### Exercise
The lines you return must be all those in the data that hold the string "Center".

[Dataset items]
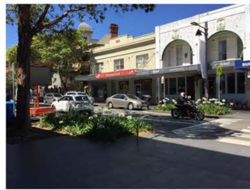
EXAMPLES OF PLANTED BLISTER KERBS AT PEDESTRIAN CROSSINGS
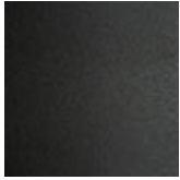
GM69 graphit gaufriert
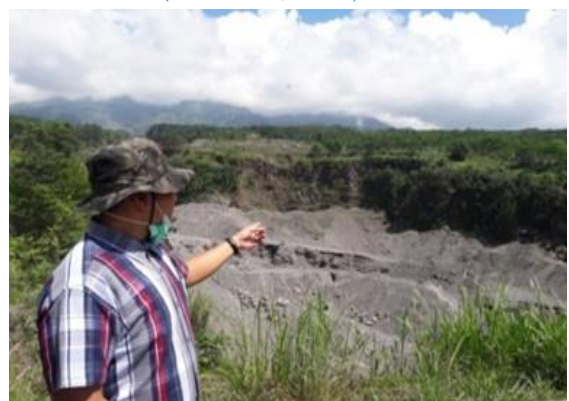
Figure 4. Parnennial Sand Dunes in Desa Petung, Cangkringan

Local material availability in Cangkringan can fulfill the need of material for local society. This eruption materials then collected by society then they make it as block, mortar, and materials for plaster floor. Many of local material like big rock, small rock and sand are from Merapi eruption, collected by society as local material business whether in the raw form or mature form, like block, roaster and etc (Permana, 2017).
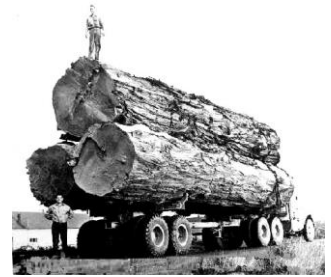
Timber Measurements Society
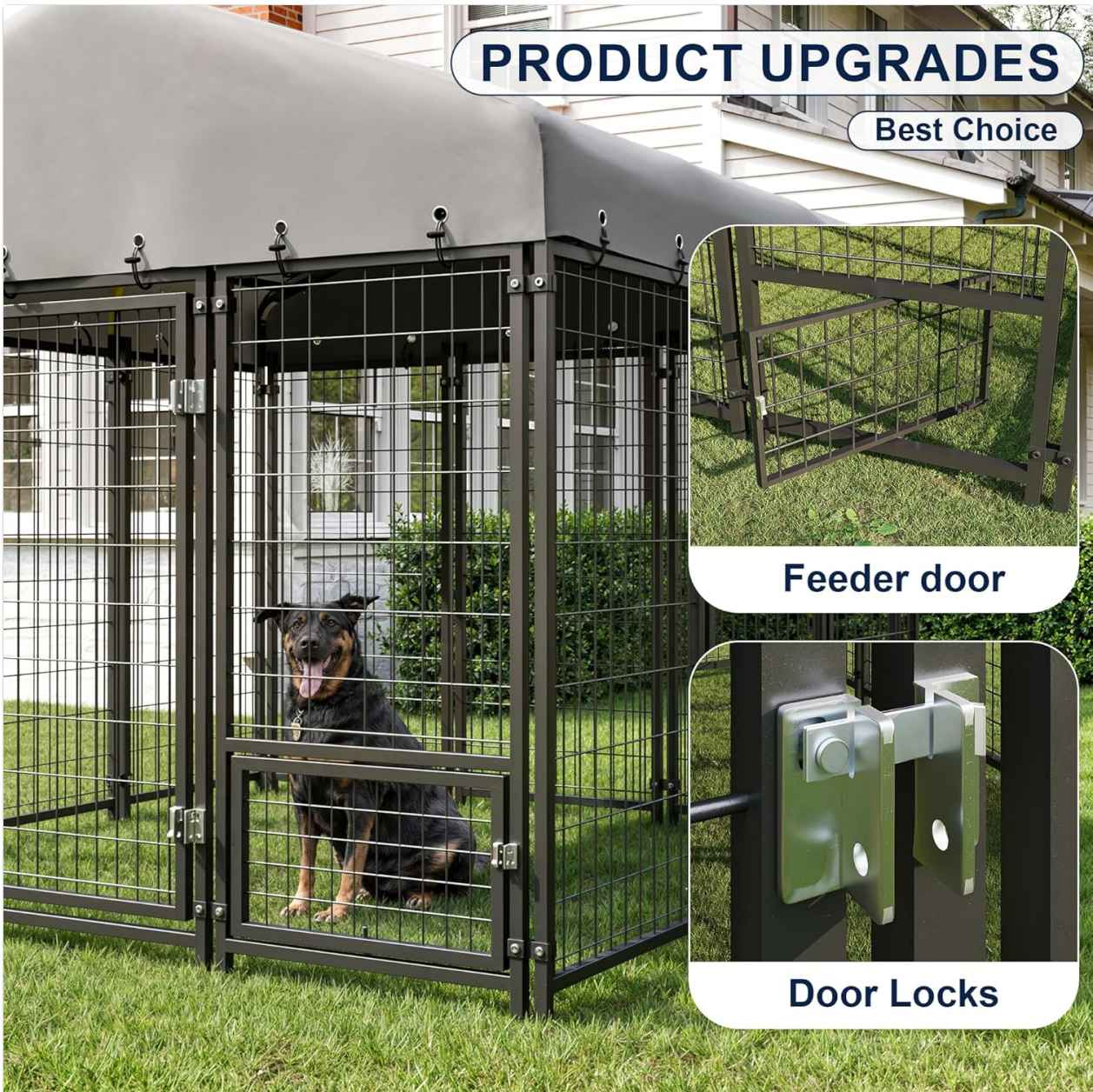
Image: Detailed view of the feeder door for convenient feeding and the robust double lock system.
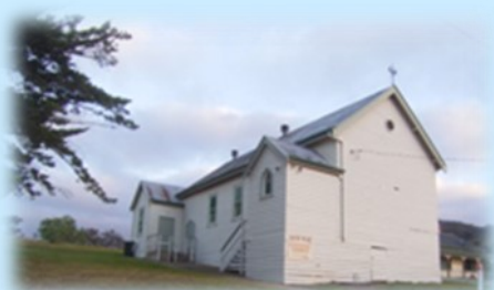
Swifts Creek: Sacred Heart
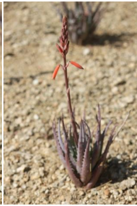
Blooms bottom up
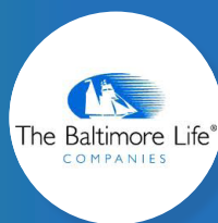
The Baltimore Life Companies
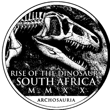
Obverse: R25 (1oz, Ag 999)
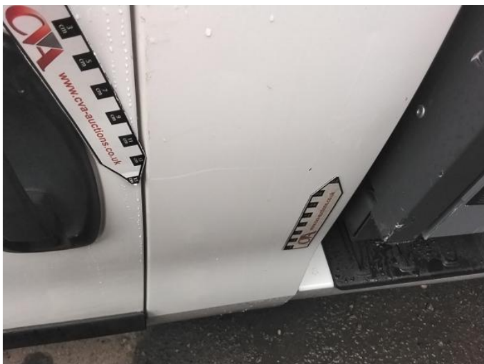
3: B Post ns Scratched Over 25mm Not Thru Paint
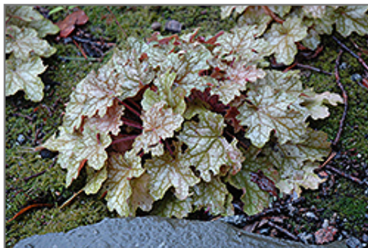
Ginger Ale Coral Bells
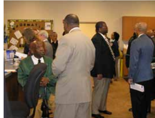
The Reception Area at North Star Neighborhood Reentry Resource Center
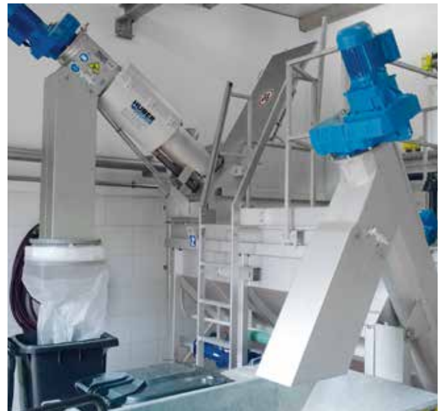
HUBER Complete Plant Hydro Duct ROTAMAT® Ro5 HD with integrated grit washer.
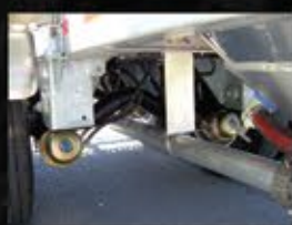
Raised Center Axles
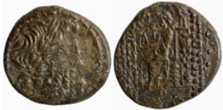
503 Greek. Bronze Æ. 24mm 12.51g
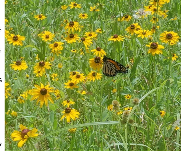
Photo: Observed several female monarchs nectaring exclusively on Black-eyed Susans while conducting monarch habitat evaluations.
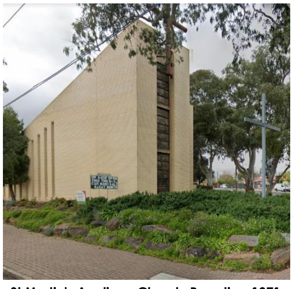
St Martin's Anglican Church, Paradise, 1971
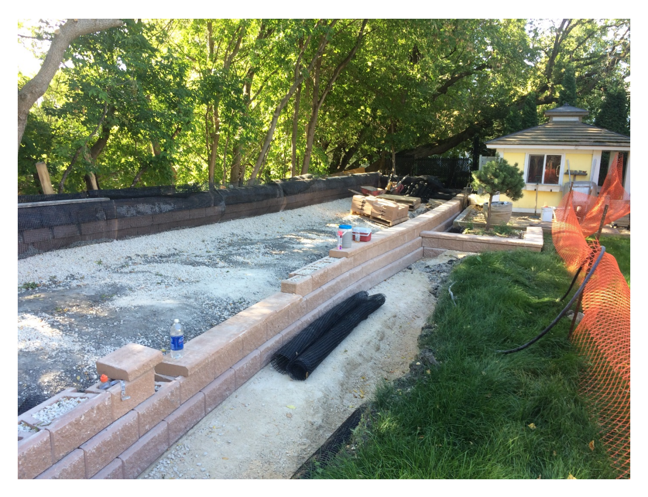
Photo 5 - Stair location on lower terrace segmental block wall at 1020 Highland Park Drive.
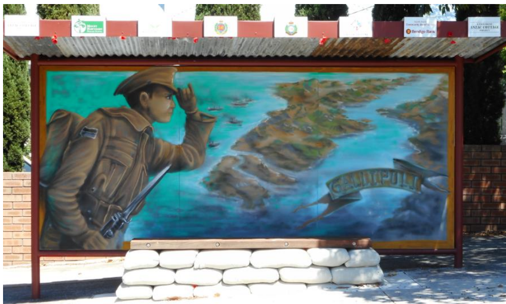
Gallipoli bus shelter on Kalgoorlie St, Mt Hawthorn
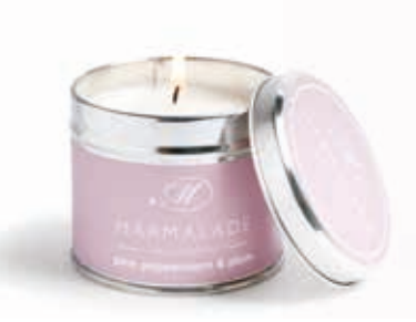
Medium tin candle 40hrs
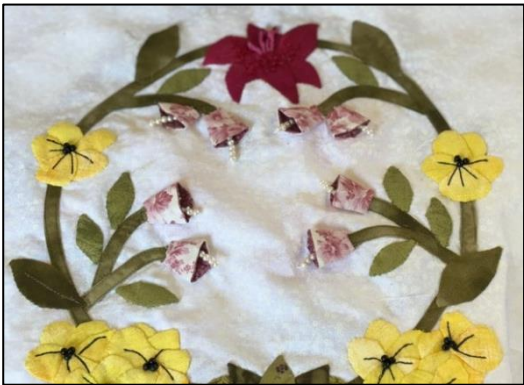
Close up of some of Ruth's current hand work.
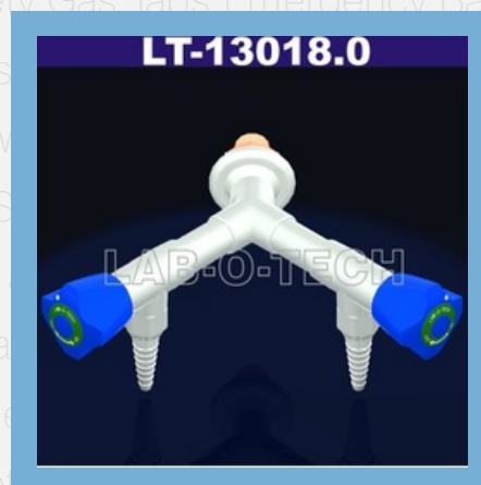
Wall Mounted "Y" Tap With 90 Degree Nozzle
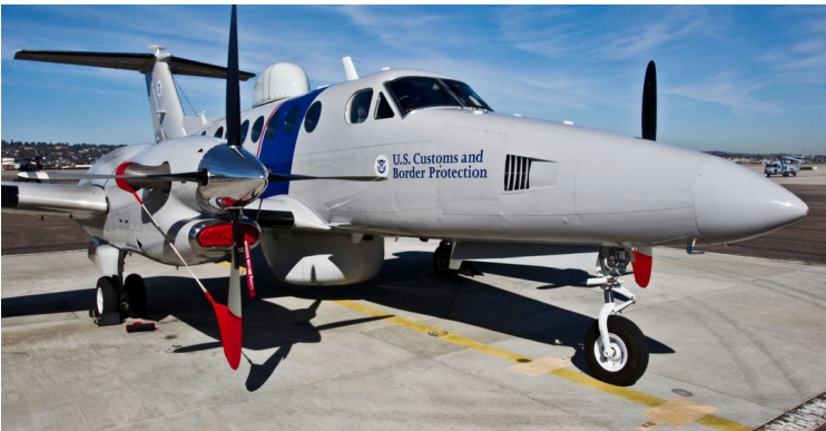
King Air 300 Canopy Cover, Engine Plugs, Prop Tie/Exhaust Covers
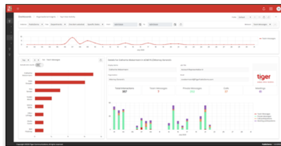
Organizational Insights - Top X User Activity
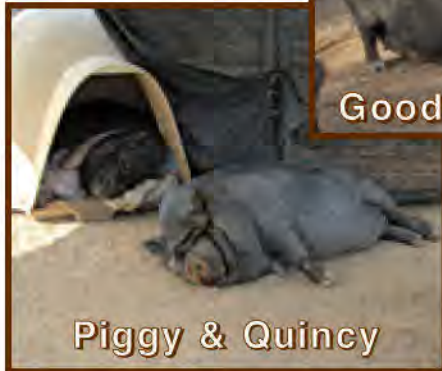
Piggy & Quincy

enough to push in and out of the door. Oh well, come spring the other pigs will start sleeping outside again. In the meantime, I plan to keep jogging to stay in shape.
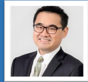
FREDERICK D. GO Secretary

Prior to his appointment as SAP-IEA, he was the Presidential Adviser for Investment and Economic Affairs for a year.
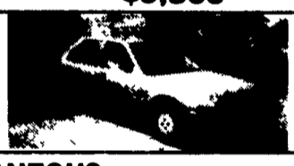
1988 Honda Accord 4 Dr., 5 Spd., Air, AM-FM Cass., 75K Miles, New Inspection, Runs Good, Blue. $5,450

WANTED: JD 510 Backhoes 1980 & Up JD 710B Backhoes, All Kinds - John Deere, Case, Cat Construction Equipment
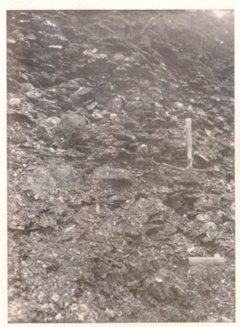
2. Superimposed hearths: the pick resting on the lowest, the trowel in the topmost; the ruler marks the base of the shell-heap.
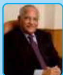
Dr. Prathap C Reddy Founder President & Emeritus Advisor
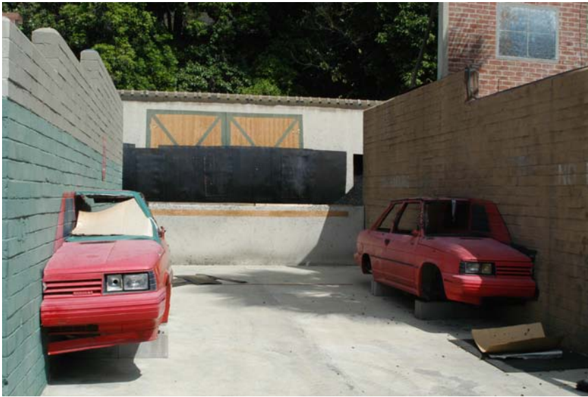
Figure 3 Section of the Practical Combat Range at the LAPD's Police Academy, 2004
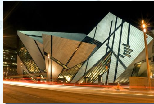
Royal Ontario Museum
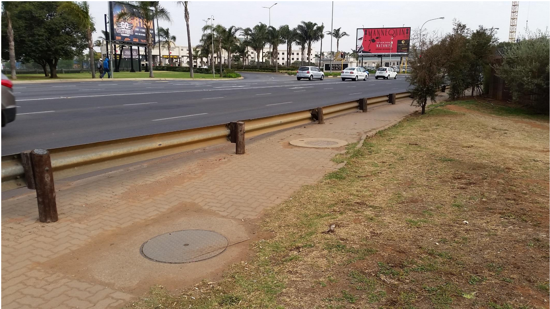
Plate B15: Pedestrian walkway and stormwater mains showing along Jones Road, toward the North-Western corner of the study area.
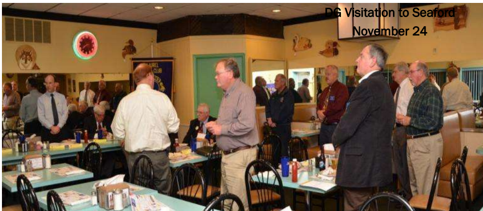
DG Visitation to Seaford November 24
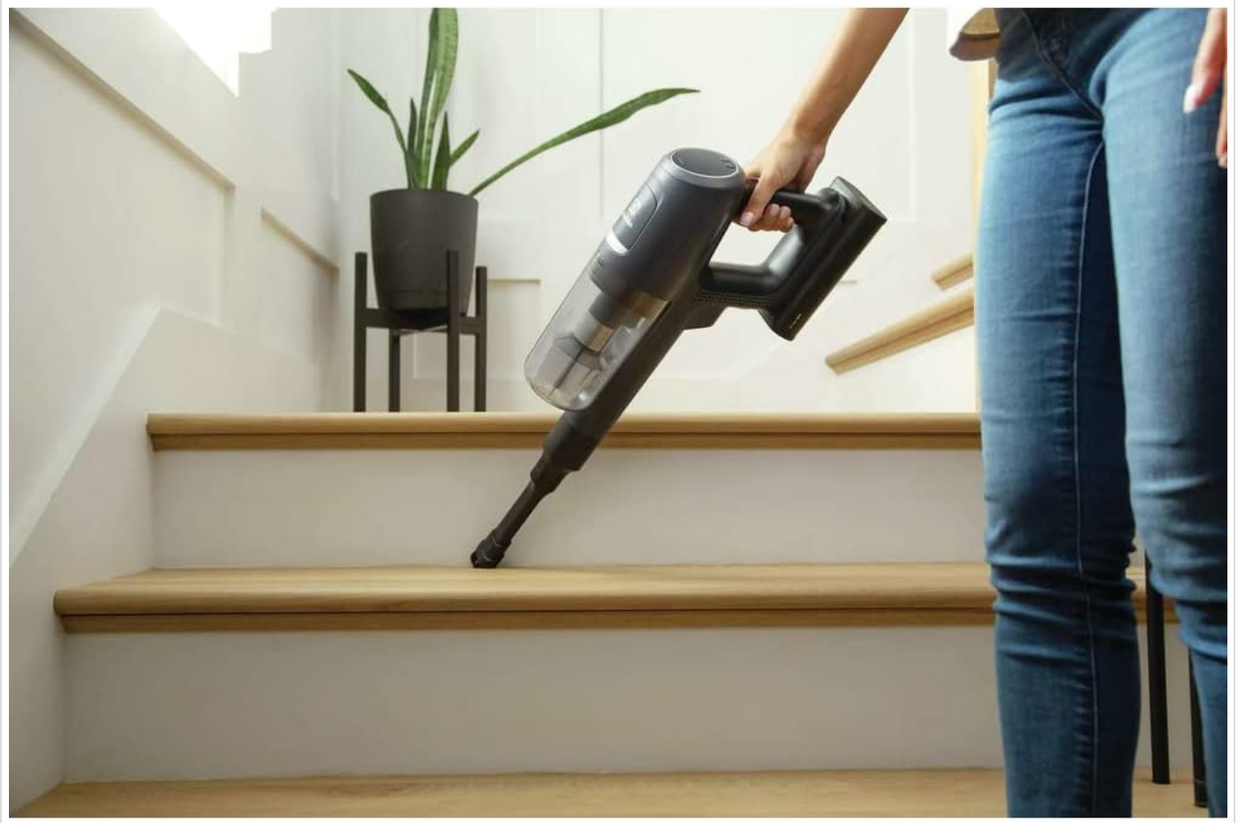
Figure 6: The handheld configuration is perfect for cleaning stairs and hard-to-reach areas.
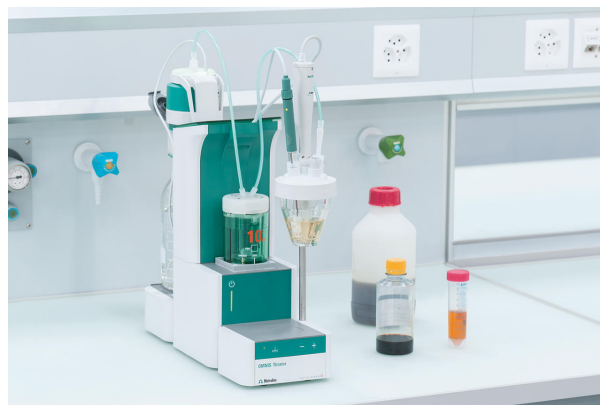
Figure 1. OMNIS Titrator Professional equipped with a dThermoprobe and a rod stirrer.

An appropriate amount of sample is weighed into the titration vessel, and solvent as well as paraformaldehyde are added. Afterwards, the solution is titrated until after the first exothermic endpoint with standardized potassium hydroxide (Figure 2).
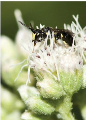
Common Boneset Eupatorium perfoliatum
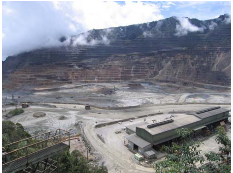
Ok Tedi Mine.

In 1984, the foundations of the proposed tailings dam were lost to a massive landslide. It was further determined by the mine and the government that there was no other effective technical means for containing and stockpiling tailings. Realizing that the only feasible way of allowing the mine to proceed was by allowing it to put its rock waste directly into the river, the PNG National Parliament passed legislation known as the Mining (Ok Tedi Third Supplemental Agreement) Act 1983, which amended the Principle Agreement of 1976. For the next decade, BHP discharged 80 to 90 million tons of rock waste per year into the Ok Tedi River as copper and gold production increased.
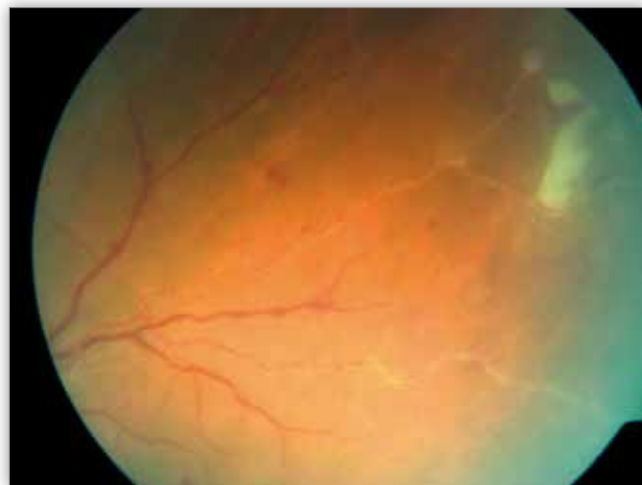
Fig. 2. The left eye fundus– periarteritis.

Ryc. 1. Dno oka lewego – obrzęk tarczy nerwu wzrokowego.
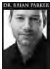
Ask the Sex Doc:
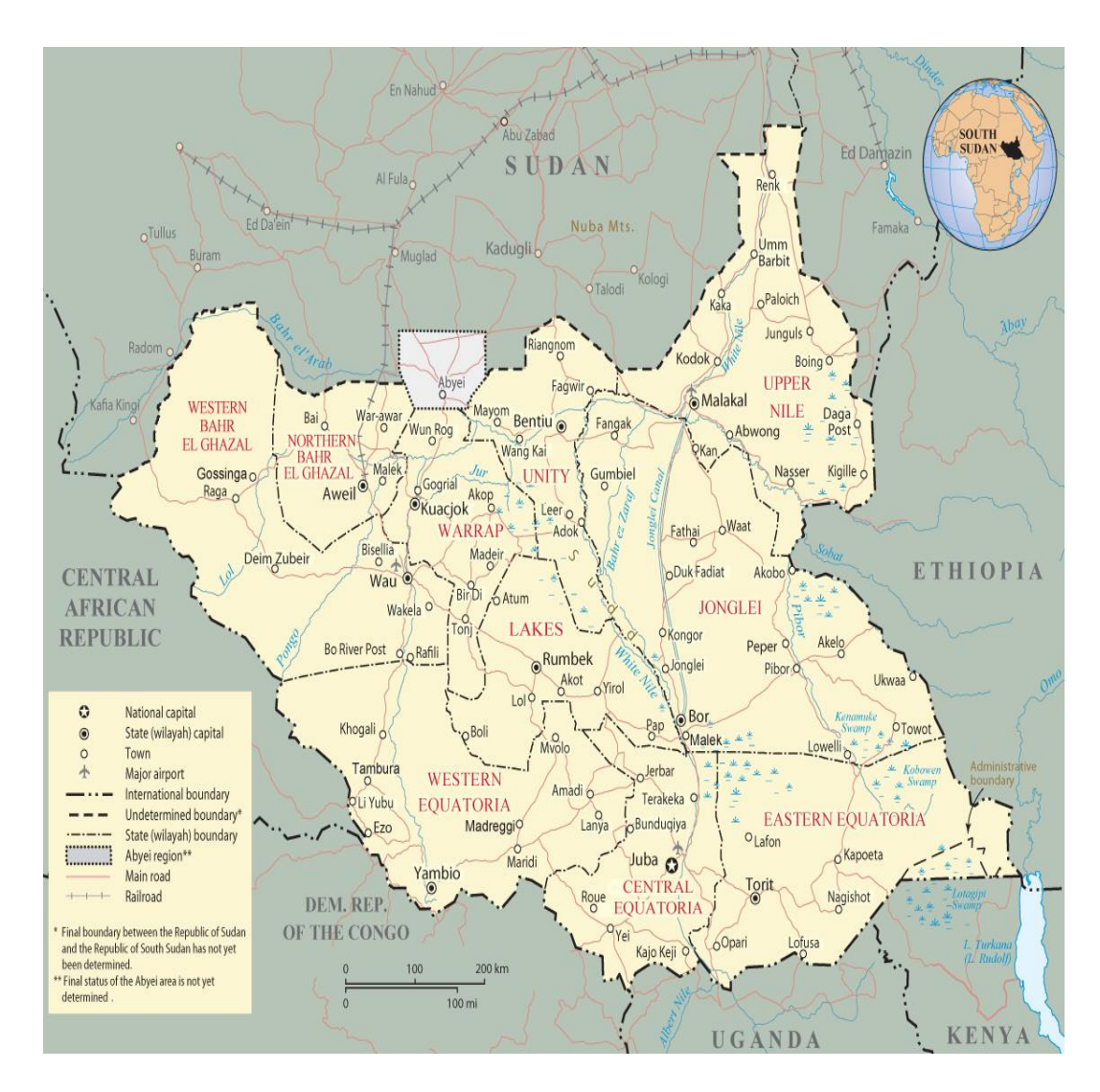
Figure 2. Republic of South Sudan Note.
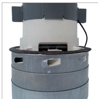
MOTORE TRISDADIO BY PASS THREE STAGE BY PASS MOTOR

### Answer for the task
The Reception Area at North Star Neighborhood Reentry Resource Center
Raised Center Axles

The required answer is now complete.